Looks to be a network hiccup of some sort, should fix itself in the next cycle now that connectivity is re-established.
Priority: -- → P1
Also took out Mozilla2 talos boxes qm-plinux-trunk01,02,03 and qm-pxp-trunk02.
MacOSX Darwin 8.8.4 qm-xserve01 also shows the same connectivity error and is burning.
Summary: talos machines burning due to loss of connectivity with master → talos/unit test machines burning due to loss of connectivity with master
All machines *except* qm-xserve01 came back online, reconnected, and went back to green again, without any manual intervention.


qm-xserve01 was still showing offline.

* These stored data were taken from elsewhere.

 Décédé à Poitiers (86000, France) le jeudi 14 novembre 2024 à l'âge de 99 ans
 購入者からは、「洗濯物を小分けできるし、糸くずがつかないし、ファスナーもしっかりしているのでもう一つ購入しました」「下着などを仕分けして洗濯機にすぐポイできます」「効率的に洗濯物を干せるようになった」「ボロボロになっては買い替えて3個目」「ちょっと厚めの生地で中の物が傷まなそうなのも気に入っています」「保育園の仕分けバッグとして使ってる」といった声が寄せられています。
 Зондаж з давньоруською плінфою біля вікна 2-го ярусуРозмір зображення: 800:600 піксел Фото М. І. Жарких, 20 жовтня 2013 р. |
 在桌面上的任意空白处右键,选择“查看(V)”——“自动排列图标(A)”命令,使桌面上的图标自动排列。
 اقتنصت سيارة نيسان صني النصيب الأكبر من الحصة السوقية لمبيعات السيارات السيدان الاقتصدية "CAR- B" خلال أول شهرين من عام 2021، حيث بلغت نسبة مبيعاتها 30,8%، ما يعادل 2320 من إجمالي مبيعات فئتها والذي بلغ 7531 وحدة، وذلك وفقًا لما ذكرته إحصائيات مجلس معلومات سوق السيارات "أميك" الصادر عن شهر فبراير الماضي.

Logging into qm-xserve01, I confirmed that the buildbot slave was not running. Nothing interesting in logs. Unclear from command shell history if this slave was manually stopped or had crashed out. Nothing interesting in logs. 

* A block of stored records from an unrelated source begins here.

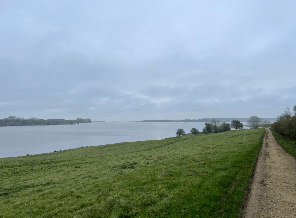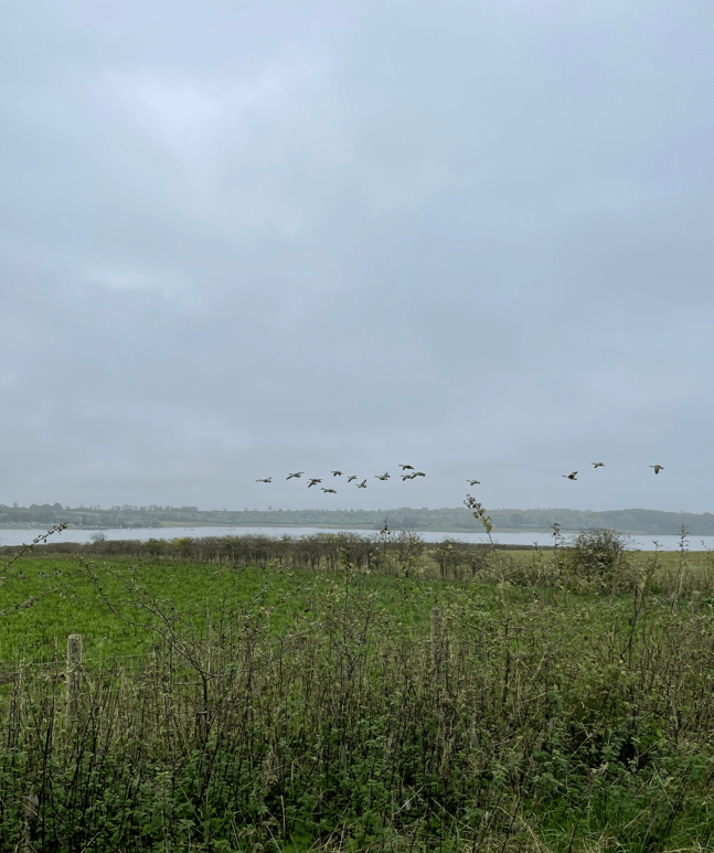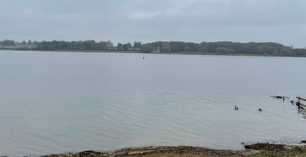 Walking down to Half moon spinney (where the peninsular ends) we had a pitstop by the water -there were two handy benches available. Across the water we could see Normanton Church (a popular wedding venue). Swans were practicing taking off and landing on the water in front of us. Canadian Geese were gathered in a field close by.
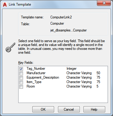 Displays all fields that are available for the current database table, as well as the field type and, in the case of character fields, the field length. You specify the link template's key fields by selecting the check box to the left of the field name.
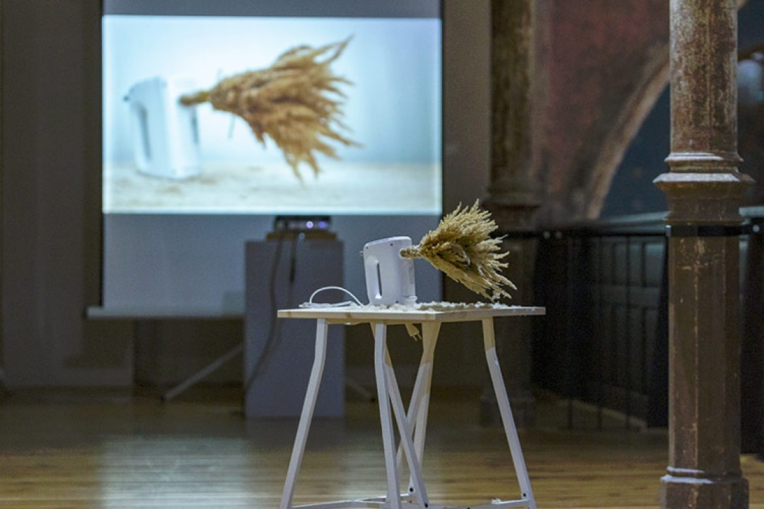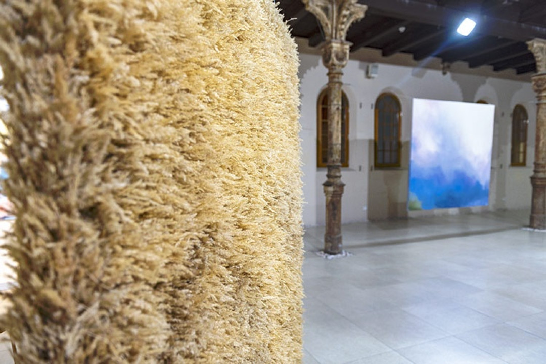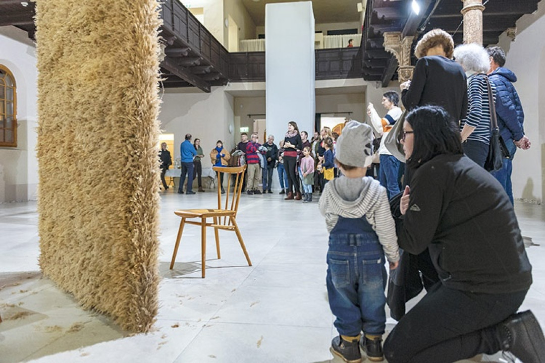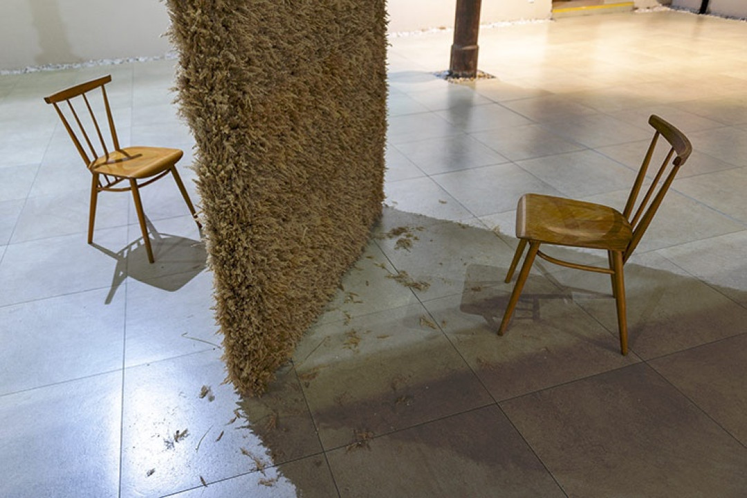 Na prvom poschodí v objektoch a videu silno rezonuje téma hranice ako prahu, ktorý je potrebný preklenúť. Otázku vykročenia k tomu druhému za cenu riskovania straty vlastného pohodlia opäť sprítomňuje jemnosť trávy, ktorá sa dotykom drobí a skutočný drevený prah, pripravený na divákovo prekročenie.

I restarted slave, watched it start a job, and crash out again. Nothing interesting in logs. Cleaned out log files and changed buildbot.tac from "umask=None" to "umask=002". I restarted slave, watched it start a job, and crash out again. Found the following at the end of the build log:
...
tools_tier_gecko
deprecated option: -buildstyle is no longer supported in xcodebuild. Use -configuration instead.
=== BUILDING NATIVE TARGET Default Plugin WITH CONFIGURATION Deployment ===
Checking Dependencies...
make[5]: *** [build-plugin] Bus error
make[4]: *** [tools] Error 2
make[3]: *** [tools_tier_gecko] Error 2
make[2]: *** [tier_toolkit] Error 2
make[1]: *** [default] Error 2
make: *** [build] Error 2
program finished with exit code 2


"Bus error" looks scary. We'll try rebooting.

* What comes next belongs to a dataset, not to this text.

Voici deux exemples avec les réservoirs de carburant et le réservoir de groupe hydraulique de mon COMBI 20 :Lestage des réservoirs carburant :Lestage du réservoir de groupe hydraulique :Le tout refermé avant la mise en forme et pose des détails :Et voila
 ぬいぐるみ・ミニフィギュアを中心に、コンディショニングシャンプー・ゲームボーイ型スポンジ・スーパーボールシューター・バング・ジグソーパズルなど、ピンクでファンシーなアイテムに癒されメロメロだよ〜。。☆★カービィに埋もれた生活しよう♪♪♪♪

Changing component as its not just talos machines.
Component: Release Engineering: Talos → Release Engineering: Maintenance
Killed any remaining build threads, stopped slave, started slave and tried building again. No "bus error" this time, but failed with the "lost connection" problem again:

tools_tier_gecko
deprecated option: -buildstyle is no longer supported in xcodebuild. Use -configuration instead.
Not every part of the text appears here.